The Connection Game
May 22, 2024Entering Their World – Playing the Connection Game
We have 5 grandkids. They are the light of our life. At the moment they range from ages 7 – 1, three boys and two girls. The grandkids and I play a lot. We wrestle and go on adventures in the house and in the yard. I chase after them, and they chase after me. There is a game each of them likes to play. The youngest is in the peak-a-boo stage. The 2-year-old wants us to chase him. Both of the 5-year-olds want me to be the horse and to ride them around the house going on adventures. The 7-year-old wants to play sports. In one way or another all of these actions are parts of the connection game. The connection game is the collection of activities you do with someone that builds trust, joy, and confidence.
One of the 5-year-old has asked the same question the last few times we have visited, “Buck, can we play the dinosaur game?” It’s a game I started with her brother a few years ago. We put some dinosaurs on a box top and push them around the house to do different adventures. We’ve been to Disney World, the beach, the mountains, and other places, all in the confines of their house. I was the horse, and he was riding. She wanted to do the same. The brother, now 7-year-old, wants we to shoot hoops. His game has changed as he grows. The other day one of the 5-year-olds paid me what may be the ultimate compliment. She came up to me and said, “Buck, come sit on the sofa and let’s talk.” She officially invited me into her world. It was a hilarious conversation. It didn’t last long - but it mattered. Somehow, I had done something that made her think I could be trusted. It’s not about what we do, it is about doing “it” together and creating an adventure.

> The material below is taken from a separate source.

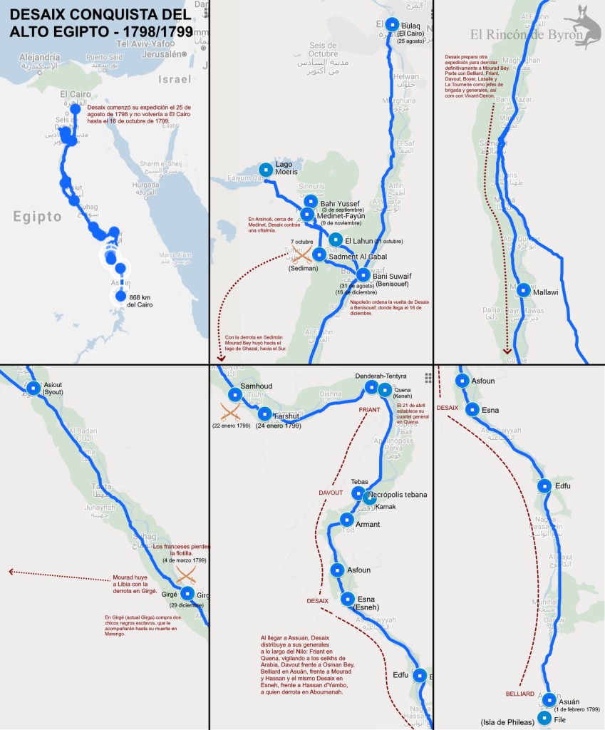 Tras el retorno de Bonaparte, Desaix aceleró los preparativos para apoderarse del Alto Egipto, donde se refugiaba el derrotado Mourad Bey. Siguiendo el curso del Nilo, llevando como generales y jefes de brigada a Belliard, Friant, Davout, Boyer, Lasalle y Le Tournerie (Vivant-Denon también iría con la expedición) y con el apoyo de una flotilla, desciende desde el puerto de Boulac en el Cairo el 25 de agosto hasta Girgé (Girga), el 29 de diciembre, donde compra dos jóvenes chicos esclavos de raza negra que le acompañarán a partir de entonces hasta Marengo.

The workplace has connection games just like families. Ultimately, here’s the question everyone on your team is asking about you, “Do you care enough about me to enter my world, to get to know who I am and what makes me tick? Are you willing to play the connection game with me?” If you want your people to emotionally invest in what they do every day and what your organization does, play the connection game with them. They don’t magically show up motivated to work every day. You have to invite them to go on the adventure. In fact, if you don’t enter their world and get to know who they are, they will not emotionally invest in the work they do every day. It’s that simple – and it’s not an option. The connection game is the way you gain the credibility that makes people want to show up and invest their time to help the organization grow.